2. The method for extracting video images according to claim 1, wherein after creating the left and right virtual cameras in the video extraction device, further comprising initializing a camera pitch of the left and right virtual cameras to be an average value of a pupil distance of both eyes; in response to a latest camera pitch of the VR device, the video extraction device sets the camera pitch of the left and right virtual cameras to the latest camera pitch.

3. The method for extracting video images according to claim 1, wherein the viewport data is updated by using the rendering data of the current page, specifically, according to the height and width of the current page, the RGB values of each pixel point in the page are obtained row by row and column by column, the CPU inputs the RGB values to the GPU in a single thread manner, and the viewport data is updated by using the RGB values.
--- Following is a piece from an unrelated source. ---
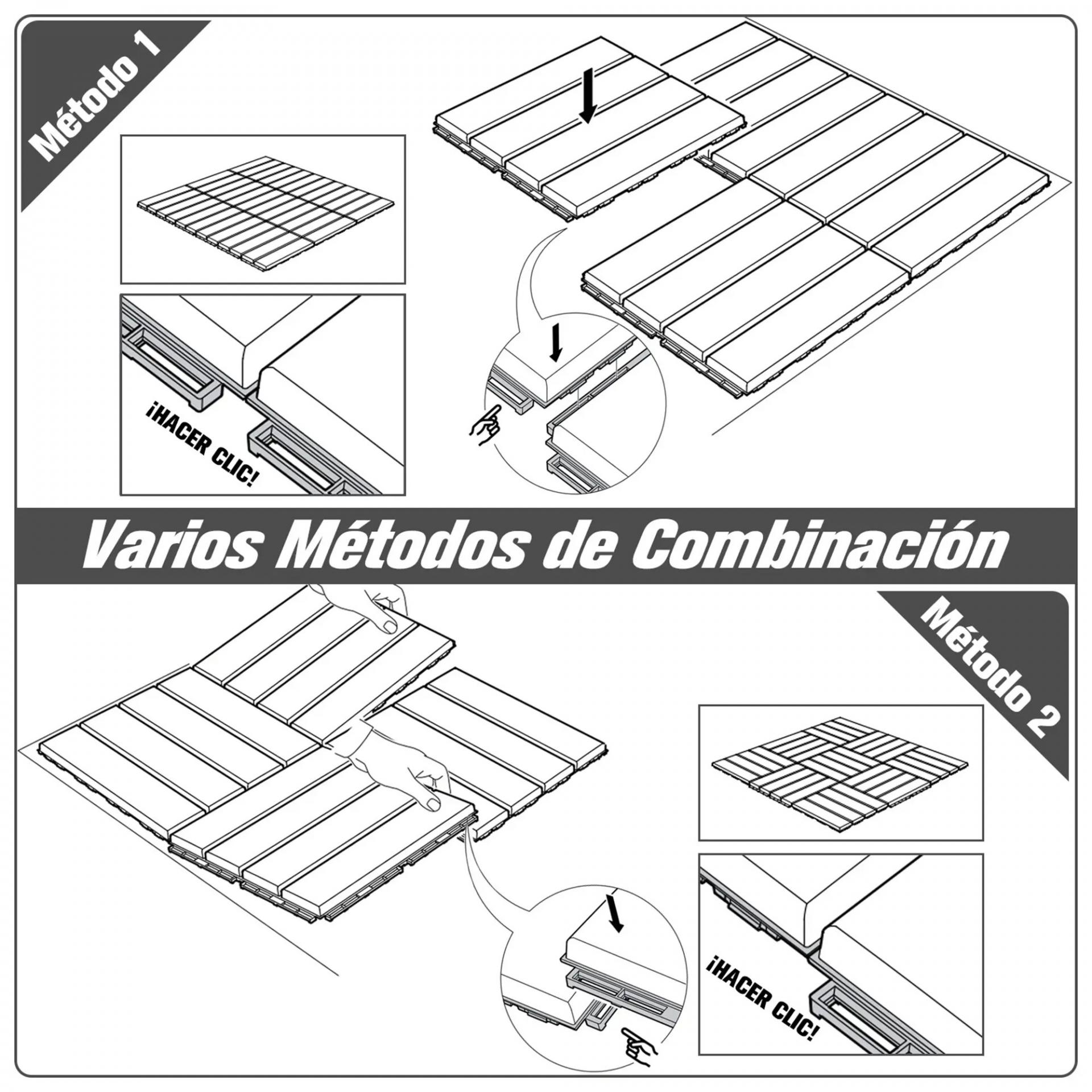 - SISTEMA DE CLIC: Instala de forma rápida y fácil estas baldosas terraza exterior que se acoplan unas con las otras mediante un sencillo sistema de encaje, para montarlas según tus necesidades y zona a cubrir en cuestión de minutos

4. A video extraction device characterized by performing the video image extraction method according to any one of claims 1 to 3, the video extraction device comprising:

the system comprises a creating module, a view port data acquiring module and a view port data acquiring module, wherein the creating module is used for creating left and right virtual cameras and acquiring view port data through the left and right virtual cameras;

the first rendering module is used for creating left and right images according to viewport data acquired by the left and right virtual cameras, and merging and rendering the left and right images to obtain texture image data;

and the first communication module is used for sending the texture image data to the VR equipment.
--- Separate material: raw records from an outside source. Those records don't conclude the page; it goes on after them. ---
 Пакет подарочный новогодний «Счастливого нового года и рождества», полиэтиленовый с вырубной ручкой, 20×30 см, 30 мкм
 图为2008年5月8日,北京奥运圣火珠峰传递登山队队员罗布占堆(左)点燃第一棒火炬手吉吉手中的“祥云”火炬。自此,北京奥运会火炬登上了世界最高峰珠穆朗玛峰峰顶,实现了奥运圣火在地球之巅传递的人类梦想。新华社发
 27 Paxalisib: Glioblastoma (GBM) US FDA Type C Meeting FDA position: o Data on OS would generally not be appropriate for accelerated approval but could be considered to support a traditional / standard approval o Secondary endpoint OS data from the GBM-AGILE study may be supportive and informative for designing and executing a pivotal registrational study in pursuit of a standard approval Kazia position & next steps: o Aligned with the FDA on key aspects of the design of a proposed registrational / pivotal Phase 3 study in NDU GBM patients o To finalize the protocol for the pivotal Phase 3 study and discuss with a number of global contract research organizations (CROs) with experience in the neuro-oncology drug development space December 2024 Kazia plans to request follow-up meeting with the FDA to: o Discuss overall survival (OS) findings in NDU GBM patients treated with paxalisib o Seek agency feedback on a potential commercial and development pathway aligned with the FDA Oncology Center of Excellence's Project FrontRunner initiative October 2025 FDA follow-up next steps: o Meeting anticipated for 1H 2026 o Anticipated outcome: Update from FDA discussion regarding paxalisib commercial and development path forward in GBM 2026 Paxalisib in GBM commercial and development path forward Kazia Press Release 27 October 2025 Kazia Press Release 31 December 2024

5. The video extraction device of claim 4, wherein the creation module is further configured to initialize a camera separation distance of the left and right cameras to an average value of a binocular pupillary distance after the left and right virtual cameras are created;

the video extraction device further comprises a setting module for setting the camera pitch of the left and right cameras to the latest camera pitch in response to the latest camera pitch of the VR device.

6. A video image extraction system, comprising:

the video extraction device of one of claims 4-5;

the server comprises a second communication module and is used for forwarding the texture image data of the video extraction equipment to VR equipment;

a VR device including a third communication module and a second rendering module; the third communication module is used for receiving texture image data from the server, and the second rendering module is used for dividing the received texture image data into left and right eye scene images and respectively rendering the left and right eye scene images to left and right virtual cameras of the VR equipment.

7. The video image extraction system of claim 6, wherein the second rendering module specifically comprises:

rendering a submodule: the texture image rendering device is used for acquiring a left-eye scene image and a right-eye scene image according to received texture image data, rendering the left-eye scene image and the right-eye scene image to one texture image and obtaining a target texture image;

an anti-distortion submodule: the method comprises the steps that a screen area visible to human eyes is determined through parameters of a device screen and parameters of lenses, an anti-distortion mesh is constructed based on the screen area visible to human eyes, mesh vertexes of the anti-distortion mesh are determined, and the mesh vertexes after anti-distortion are determined through the mesh vertexes of the anti-distortion mesh and a drawing view port of a screen of a target terminal;

the rendering submodule is further used for determining an image subjected to inverse distortion processing through the mesh vertex subjected to inverse distortion and the target image, dividing the image subjected to inverse distortion processing into a left inverse distortion image and a right inverse distortion image, and rendering the left inverse distortion image and the right inverse distortion image to left and right screens of VR equipment respectively.